なぜ姿を消しているのに見つかったり触られたりするのか…。
「……。」
「えっ?なになに。あなたは何をしているのですかって?」
「こくこく。」
「そんな事よりなんで私が見えるのようっ〜」
「………。」
「えっ?強い霊力の塊を感じるだけで姿は見えない?」
「こく。」
「何でそんなの感じ取れるのよ〜〜〜」
そう言う真琴にかまわずなにやら本を取りだしまた小さい声で呟く。
「え?あなたを成仏させて上げますって?わーーーーっ!真琴は幽霊じゃな〜〜〜い」
そう言って逃げ去る真琴。
浩之達がいる方へと…。
「もうっ!なんなのようっこの学校は!これもすべてあんたのせいようっ!」
そう言って浩之の頭を叩こうとした時…
ピーンッ!
隣に座っていたあかりのリボンがふわっと揺れたかと思うと、
とつぜんあかりの目つきが変わった。
がしっ!!
浩之を叩こうとした真琴の腕は寸前の所であかりによって掴まれていた。
そしてそのまま片腕で掴んだまま真琴を放り投げた( ̄□ ̄!!)
「あううううううう〜〜〜〜っ!」
どしん!
「いたたたた…。もういやーー!」
そう叫ぶと真琴は姿をあらわした。
「どうしたんだあかり?急に…って、うおうっ!いきなり人が!!」
突然人が現れ驚く浩之。
「真琴〜〜〜!」
そこへ心配になって探しに来た葵ちゃんが屋上へと姿をあらわした。
「あ、藤田せんぱいに神岸先輩。」
「え〜〜と確か葵ちゃん…だったよね。」
「おお、葵ちゃんじゃないか、どうしたんだ?ってもしかしてこいつ知り合い?」
「はい、わたしの友達で沢渡 真琴って言います。
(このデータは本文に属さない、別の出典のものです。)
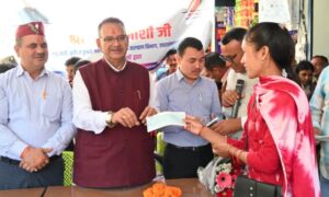 कैबिनेट मंत्री गणेश जोशी ने आपदा प्रभावित दुकानदारों को दिए सहायता राशि के चैक

」
「ふ〜ん、そうなんだ。」
「あ、そう言えばせんぱい。昨日はすいませんでした!」
そう言って頭を下げる葵ちゃん。
「あれから考えてみたんですが私の方が悪いですよね…」
「ん?ああ、昨日のあれか!いやあ、葵ちゃんは全然悪くないぜ!」
「えっ?そうなんですか…」
「浩之ちゃん昨日のあれって?」
あかりが聞いてきた。
「昨日葵ちゃんに
『どうしていつもの赤いブルマじゃないんだ!』
って言ったら、赤いブルマは全部洗濯してるらしくて青いブルマしかなかったらしいんだ。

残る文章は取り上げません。